- [DATA TO EXAMINE]
###
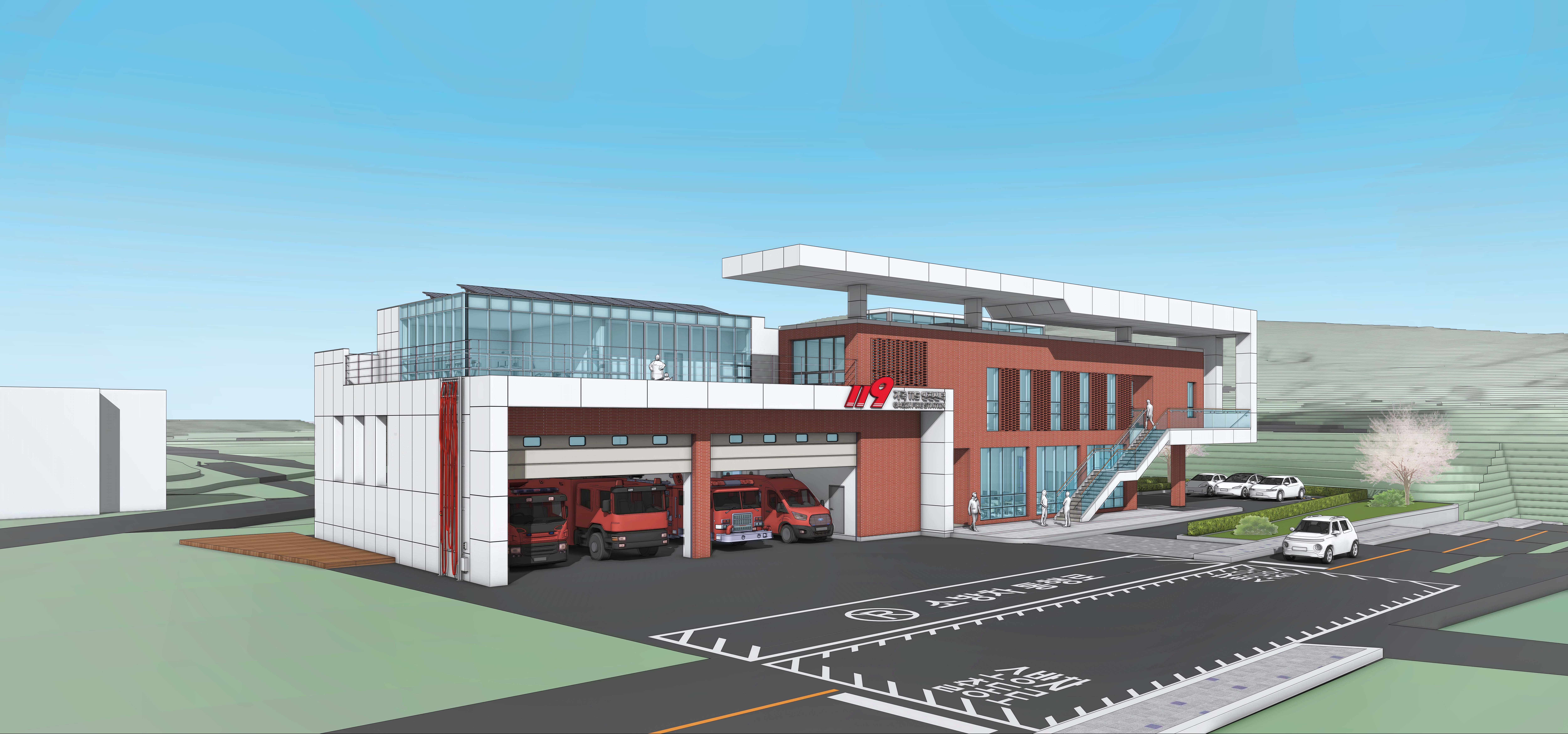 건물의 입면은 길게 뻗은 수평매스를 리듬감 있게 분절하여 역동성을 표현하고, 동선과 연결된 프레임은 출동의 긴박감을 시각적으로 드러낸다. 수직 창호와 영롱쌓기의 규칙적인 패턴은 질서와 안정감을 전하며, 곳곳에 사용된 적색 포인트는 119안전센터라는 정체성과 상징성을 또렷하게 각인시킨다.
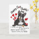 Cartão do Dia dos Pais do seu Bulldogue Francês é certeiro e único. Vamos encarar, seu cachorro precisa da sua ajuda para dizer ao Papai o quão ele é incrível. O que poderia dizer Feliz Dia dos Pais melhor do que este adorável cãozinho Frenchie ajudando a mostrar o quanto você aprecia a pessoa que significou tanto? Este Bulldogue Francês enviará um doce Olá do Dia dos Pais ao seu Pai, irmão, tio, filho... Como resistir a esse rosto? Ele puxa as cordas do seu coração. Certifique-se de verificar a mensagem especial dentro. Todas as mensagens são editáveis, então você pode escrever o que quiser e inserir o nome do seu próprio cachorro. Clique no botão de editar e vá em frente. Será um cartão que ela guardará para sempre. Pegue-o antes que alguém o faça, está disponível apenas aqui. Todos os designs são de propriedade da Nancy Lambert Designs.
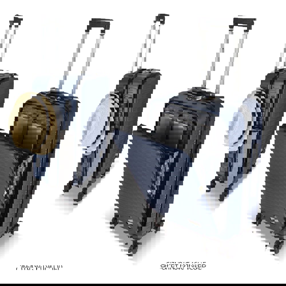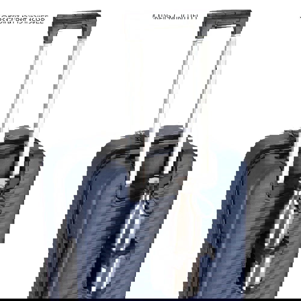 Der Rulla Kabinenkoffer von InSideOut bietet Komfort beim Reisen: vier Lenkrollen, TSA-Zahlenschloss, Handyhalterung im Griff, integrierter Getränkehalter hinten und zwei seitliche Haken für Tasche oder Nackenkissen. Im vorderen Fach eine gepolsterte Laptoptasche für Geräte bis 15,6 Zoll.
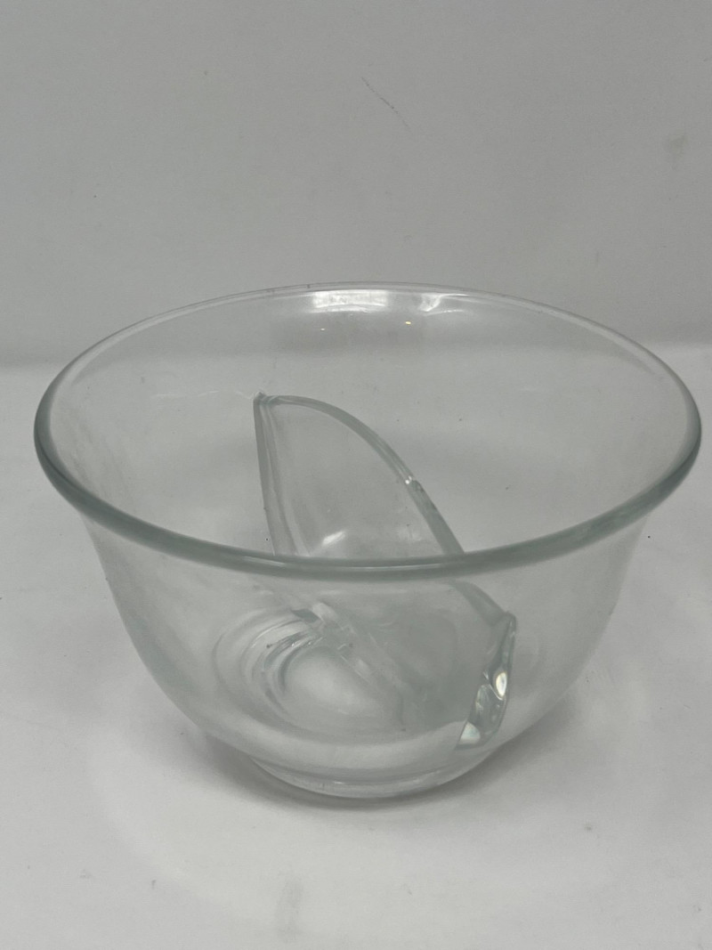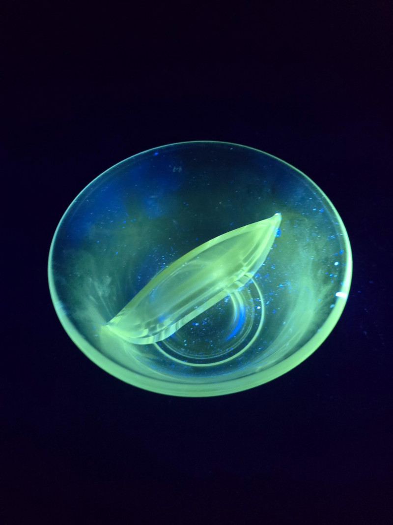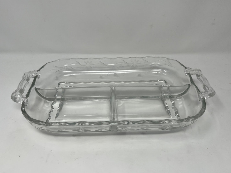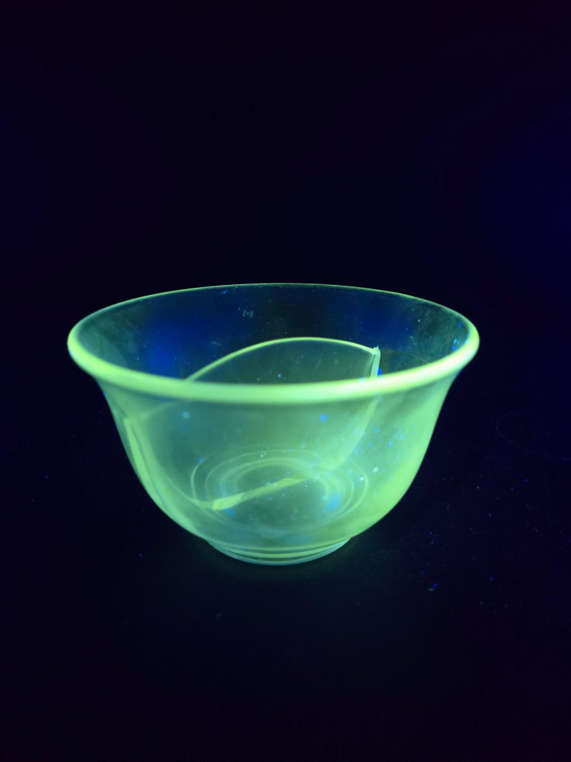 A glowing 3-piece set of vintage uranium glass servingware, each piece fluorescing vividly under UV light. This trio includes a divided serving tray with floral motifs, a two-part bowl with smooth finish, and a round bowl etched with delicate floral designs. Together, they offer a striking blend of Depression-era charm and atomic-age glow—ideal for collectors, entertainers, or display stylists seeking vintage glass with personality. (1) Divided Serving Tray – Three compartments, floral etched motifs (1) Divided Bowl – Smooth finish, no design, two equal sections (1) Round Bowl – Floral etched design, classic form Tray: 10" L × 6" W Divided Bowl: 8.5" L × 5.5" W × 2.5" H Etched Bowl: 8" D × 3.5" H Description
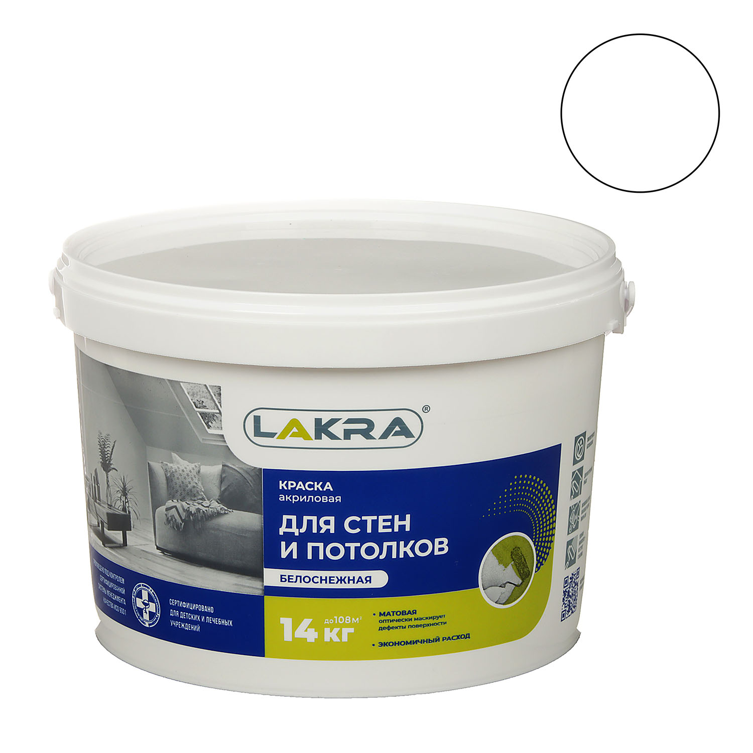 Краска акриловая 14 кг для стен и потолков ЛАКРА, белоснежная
###
- [ASSIGNMENT] Print the entries as they stand, first line through the line holding "Der Rulla Kabinenkoffer", with every picture removed.

- [SOLUTION]
 건물의 입면은 길게 뻗은 수평매스를 리듬감 있게 분절하여 역동성을 표현하고, 동선과 연결된 프레임은 출동의 긴박감을 시각적으로 드러낸다. 수직 창호와 영롱쌓기의 규칙적인 패턴은 질서와 안정감을 전하며, 곳곳에 사용된 적색 포인트는 119안전센터라는 정체성과 상징성을 또렷하게 각인시킨다.
 Cartão do Dia dos Pais do seu Bulldogue Francês é certeiro e único. Vamos encarar, seu cachorro precisa da sua ajuda para dizer ao Papai o quão ele é incrível. O que poderia dizer Feliz Dia dos Pais melhor do que este adorável cãozinho Frenchie ajudando a mostrar o quanto você aprecia a pessoa que significou tanto? Este Bulldogue Francês enviará um doce Olá do Dia dos Pais ao seu Pai, irmão, tio, filho... Como resistir a esse rosto? Ele puxa as cordas do seu coração. Certifique-se de verificar a mensagem especial dentro. Todas as mensagens são editáveis, então você pode escrever o que quiser e inserir o nome do seu próprio cachorro. Clique no botão de editar e vá em frente. Será um cartão que ela guardará para sempre. Pegue-o antes que alguém o faça, está disponível apenas aqui. Todos os designs são de propriedade da Nancy Lambert Designs.
 Der Rulla Kabinenkoffer von InSideOut bietet Komfort beim Reisen: vier Lenkrollen, TSA-Zahlenschloss, Handyhalterung im Griff, integrierter Getränkehalter hinten und zwei seitliche Haken für Tasche oder Nackenkissen. Im vorderen Fach eine gepolsterte Laptoptasche für Geräte bis 15,6 Zoll.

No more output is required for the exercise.